RESPONRADIO.COM PADANG│JAKARTA — Kedatangan turis asing ke Malaysia yang lebih banyak daripada Indonesia menimbulkan pertanyaan. Sepanjang Januari-Agustus 2025, Kementerian Pariwisata mencatat ada 10 juta turis asing ke Indonesia. Sementara itu dikutip dari The Star, ada 28 juta turis asing ke Malaysia.
Menanggapi situasi yang ada, Prof Azril Azahari, seorang pakar pariwisata, memberikan kepastian bahwa tidak perlu ada kekhawatiran sebab pembangunan sektor pariwisata Indonesia telah berada di jalur yang tepat. Ia menegaskan bahwa Indonesia kini tidak lagi bergantung pada mass tourism, yaitu model pariwisata yang bercirikan pergerakan turis dalam jumlah besar ke lokasi-lokasi yang sudah populer.
“Nggak usah khawatir karena kita bikin yang benar.

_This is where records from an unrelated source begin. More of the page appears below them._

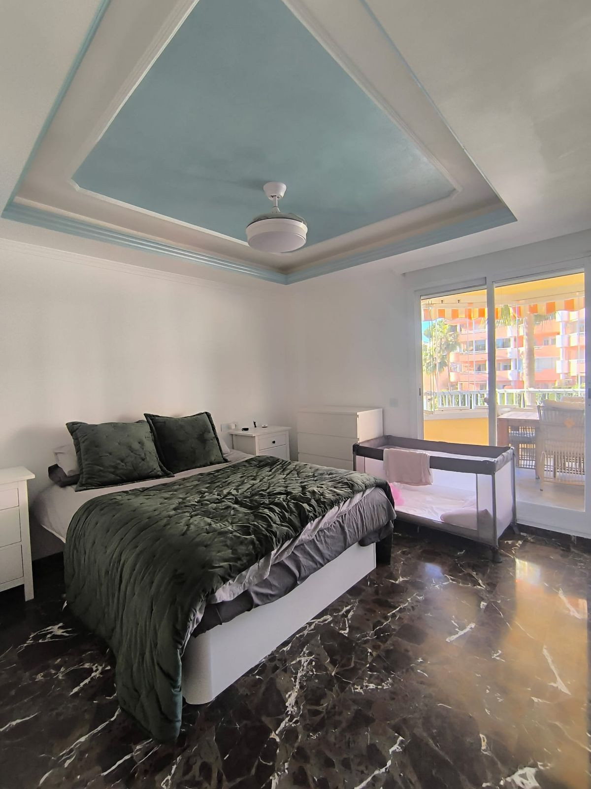 The bright living-dining room provides access to a fantastic glazed terrace with a Lumon system, perfect for enjoying the views of the urbanization and the sea year-round.
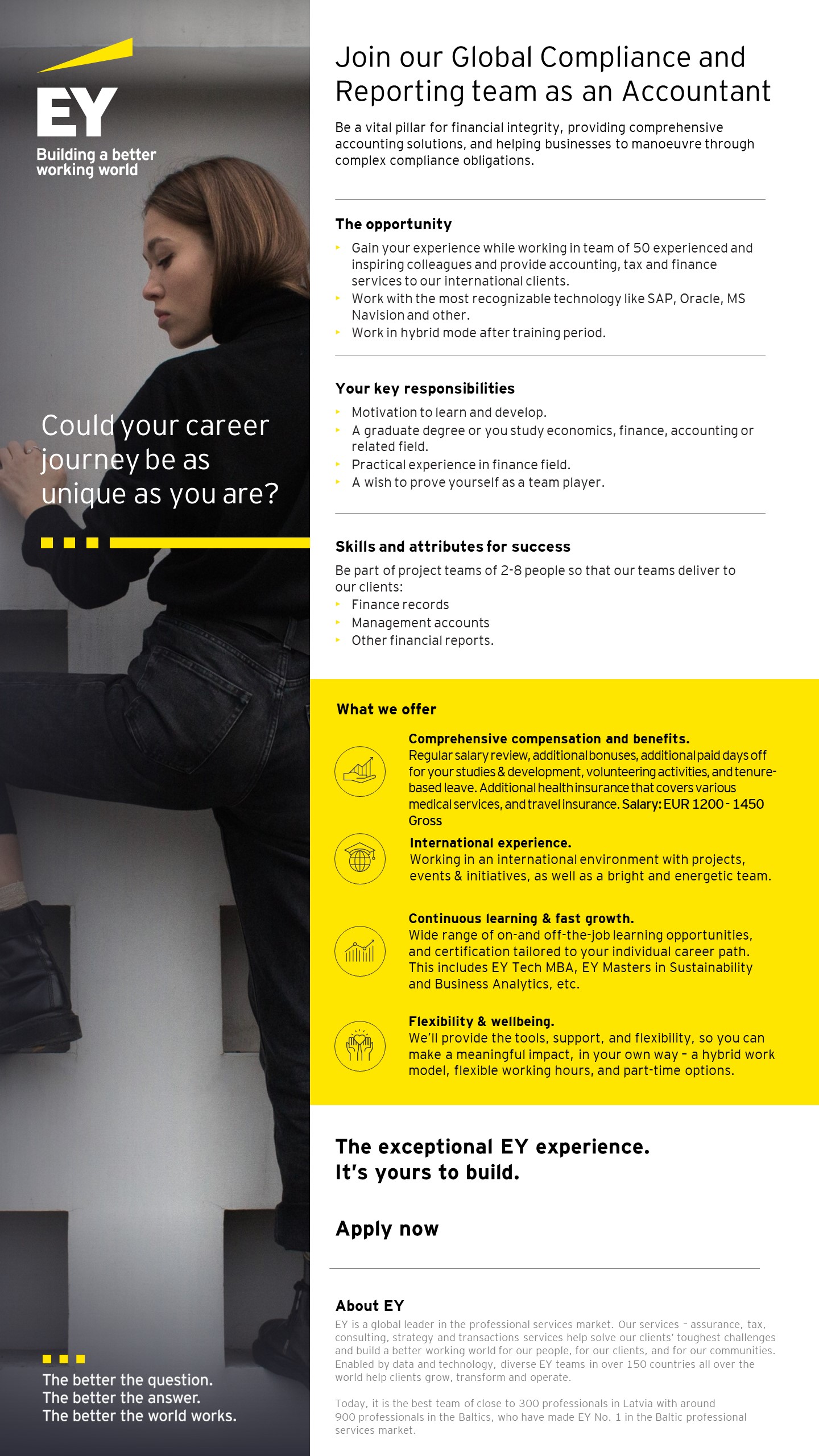 EY is a global leader in assurance, tax, strategy and transaction, consulting services. The insights and quality services we deliver help build trust and confidence in the capital markets and in economies the world over. We develop outstanding leaders who team to deliver on our promises to all of our stakeholders. In so doing, we play a critical role in building a better working world for our people, for our clients and for our communities.
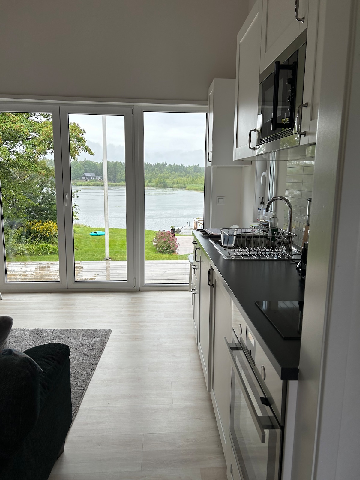 Fantastique chalet de 45 m ² avec terrain lacustre. Ici, vous pourrez nager depuis votre propre jetée, sortir en bateau et pêcher ou profiter simplement du coucher de soleil depuis la grande terrasse. Fibre/WiFi. TV et Apple TV. 2 grandes chambres 3 chambres loft (pas pleine hauteur). Cuisine équipée avec : - Réfrigérateur-congélateur, lave vaisselle, cuisinière, plaque de cuisson à induction Toilettes avec chauffage au sol Salle de douche et buanderie au rez-de-chaussée (entrée séparée) : Salle de douche carrelée avec lave-linge et lavabo.
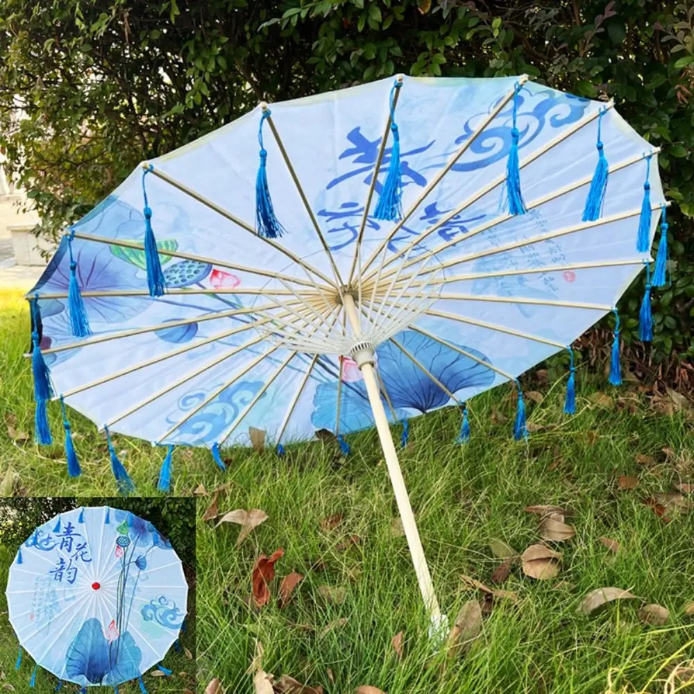 Abanico de paraguas de 56cm, tela de seda de estilo antiguo chino, Cosplay Hanfu, paraguas de papel al óleo, borla de 10 colores
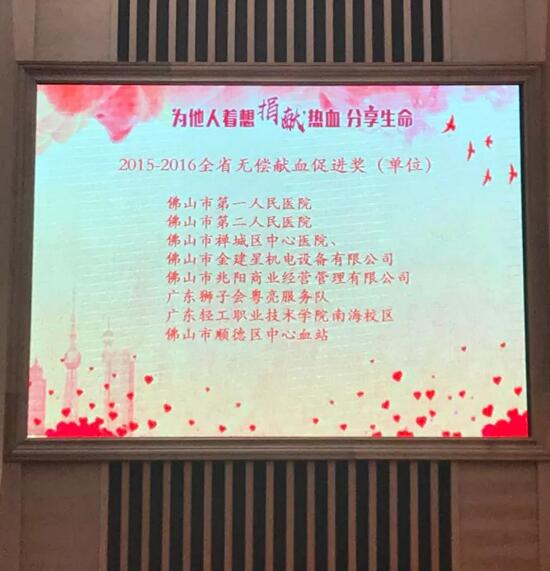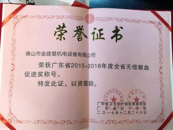 廣東省佛山市政府舉行了以“為他人著想,捐獻(xiàn)熱血,分享生命”為主題的世界獻(xiàn)血者日活動?;顒由?,黃董事長個人及公司榮獲無償獻(xiàn)血促進(jìn)單位獎及個人無償獻(xiàn)血促進(jìn)獎等多項獎項,建星智能科技有限公司連續(xù)八年,每年都自發(fā)組織無償獻(xiàn)血行動,黃錦山董事長以身作則,帶領(lǐng)著全公司員工及家人踴躍參與無償獻(xiàn)血行動。
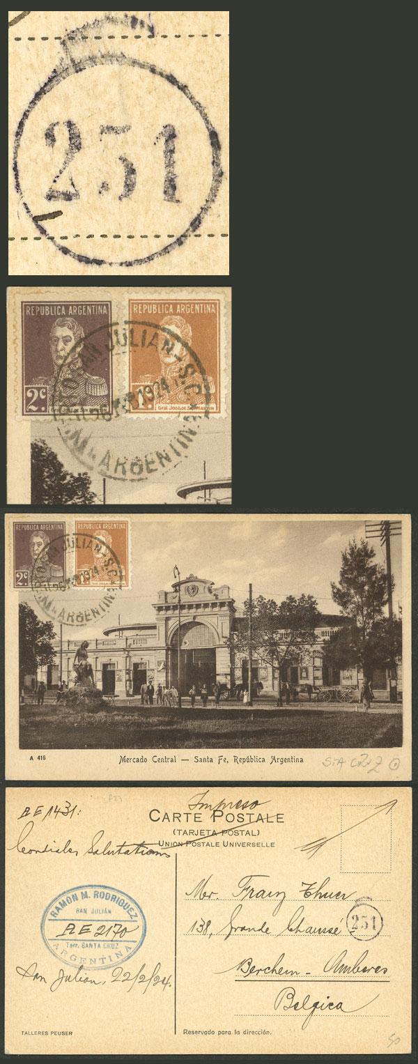 26/FE/1924 Puerto San Julián (Santa Cruz) to Belgium, postcard franked with 3c. (rate for international printed matter) on front, it bears an arrival mark over the address (numeral in small circle), excellent quality, ex-Loeb (its price was US$50) (Image)
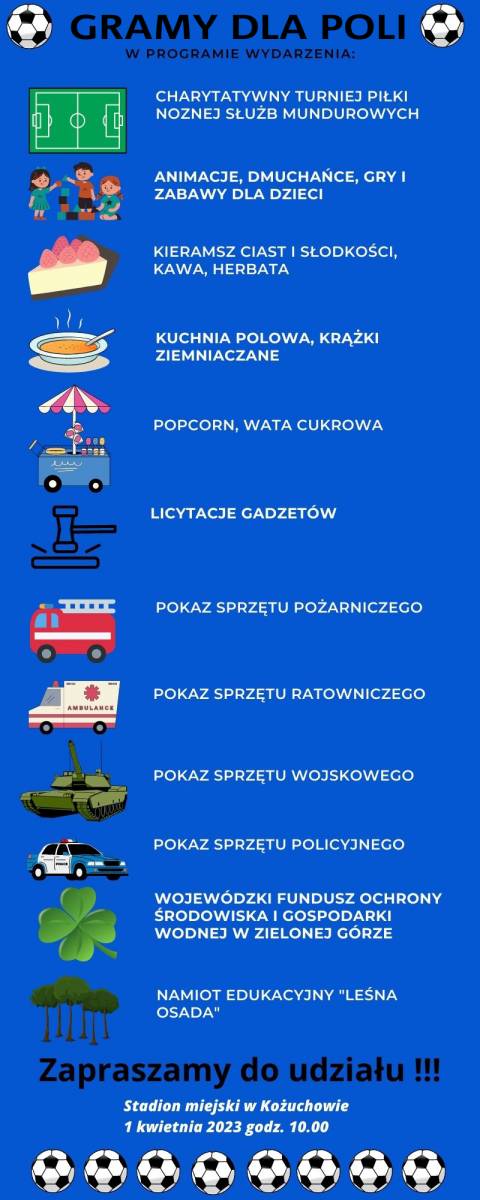 Impreza pod hasłem „Gramy dla Poli” odbędzie się w sobotę (1 kwietnia) o godz. 10.00 na stadionie miejskim w Kożuchowie. Swoim patronatem objął ją Paweł Jagasek, burmistrz Kożuchowa. Oprócz emocji piłkarskich w czasie wydarzenia odbędą się: licytacje i sprzedaż gadżetów, kiermasz ciast, napojów kuchnia polowa, pokaz sprzętu ratowniczego. Dla dzieci i młodzieży animacje, gry i zabawy ruchowe i wiele innych atrakcji. – Pomaganie jest fajne dlatego zapraszamy do udziału i kibicowania – zachęca Tomasz Walczak, prezes OSP Kożuchów.
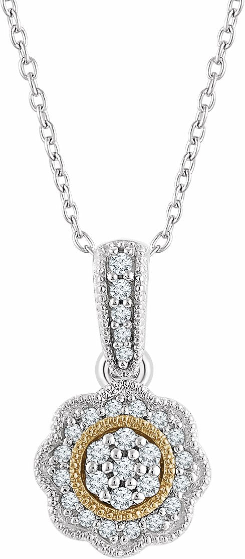 14K White & Yellow 1/6 CTW Diamond Halo-Style 16-18 Necklace - 65265760000P
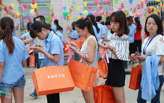 ◎ 員工現(xiàn)場(chǎng)領(lǐng)取月餅禮盒

Bukan lagi mass tourism, tapi customize tourism berbasis ekosistem kepariwisataan. Pengelolaan juga berdasarkan community based tourism yang melibatkan masyarakat lokal,” ujar Prof Azril pada detikTravel Selasa (14/10/2025).
Baik pengunjung harian maupun yang menginap, keduanya dipastikan mendapatkan pengalaman wisata terbaik. Dalam penerapan sustainable tourism, wisatawan tidak akan menghadapi masalah seperti tumpukan sampah, banjir, atau kemacetan parah, karena hal-hal tersebut sangat dilarang.
Strategi ini diakomodasi dalam revisi Undang-undang (UU) Kepariwisataan yang disepakati pemerintah dan DPR pada 2 Oktober 2025. Prof Azril menjelaskan UU tersebut mengembalikan pengelolaan pariwisata pada dasarnya. Pengembangan pariwisata dilakukan sesuai prinsip dasar yang terdiri dari:
Berbasis Ekosistem
Penting untuk memastikan pariwisata tidak merusak ekosistem flora dan fauna, menjamin tidak adanya eksploitasi lingkungan, dan menerapkan sistem manajemen risiko. Sistem tersebut secara khusus mencakup identifikasi, analisis, pengelolaan, pemantauan dan evaluasi (monev), serta upaya mitigasi risiko yang ada.
Berbasis Komunitas
Pengelolaan pariwisata kini beralih dari yang semula berbasis korporasi (corporate) menjadi berbasis komunitas masyarakat. Restrukturisasi tata kelola destinasi wisata ini berarti masyarakat lokal diikutsertakan secara aktif dalam seluruh proses pengelolaan dan pengembangan pariwisata.
Pariwisata Berkelanjutan
Agar pariwisata dapat dikatakan berkelanjutan, pengelolaannya harus memenuhi beberapa syarat: sesuai dengan daya dukung lingkungan, menjaga keseimbangan flora dan fauna, serta menjamin kebersihan alam demi memberikan pengalaman wisata yang maksimal bagi pengunjung. Keterlibatan masyarakat, misalnya melalui organisasi masyarakat (ormas), juga tetap menjadi kunci dalam proses pengembangan ini.
Revisi Undang-Undang (UU) Kepariwisataan kini memiliki 17 bab yang sifatnya masih umum. Rencananya, revisi UU ini akan menjadi dasar pertimbangan untuk penerbitan Keputusan Menteri (Kepmen). Selanjutnya, poin-poin dalam revisi UU tersebut akan dijabarkan lebih lanjut menjadi 12 Peraturan Presiden (Perpres) agar implementasinya lebih mudah dilakukan hingga ke tingkat daerah.
Pariwisata untuk meningkatkan Devisa
Melalui pengelolaan pariwisata yang berlandaskan alam dan komunitas lokal, wisatawan diharapkan mendapatkan pengalaman yang sesuai dengan ekspektasi mereka. Dengan pengalaman yang dapat disesuaikan (customize), pengunjung akan merasa lebih nyaman dan betah, sehingga mereka tidak ragu untuk kembali lagi demi mendapatkan pelayanan terbaik.
“Sasarannya bukan jumlah tapi lama tinggal atau length of stay tiap pengunjung. Dengan masa tinggal yang lama misal 1-2 bulan, maka spending money jadi lebih banyak. Artinya, penerimaan dari sektor pariwisata bisa terus naik,” kata Prof Azril.
Peningkatan penerimaan bisa terjadi mulai dari tatanan pusat, daerah, dan dirasakan masyarakat langsung. Hasilnya pariwisata Indonesia bisa terus berkembang, bukan dari aspek kedatangan jumlah turis tapi kontribusi yang diberikan pada perekonomian negara dan daerah.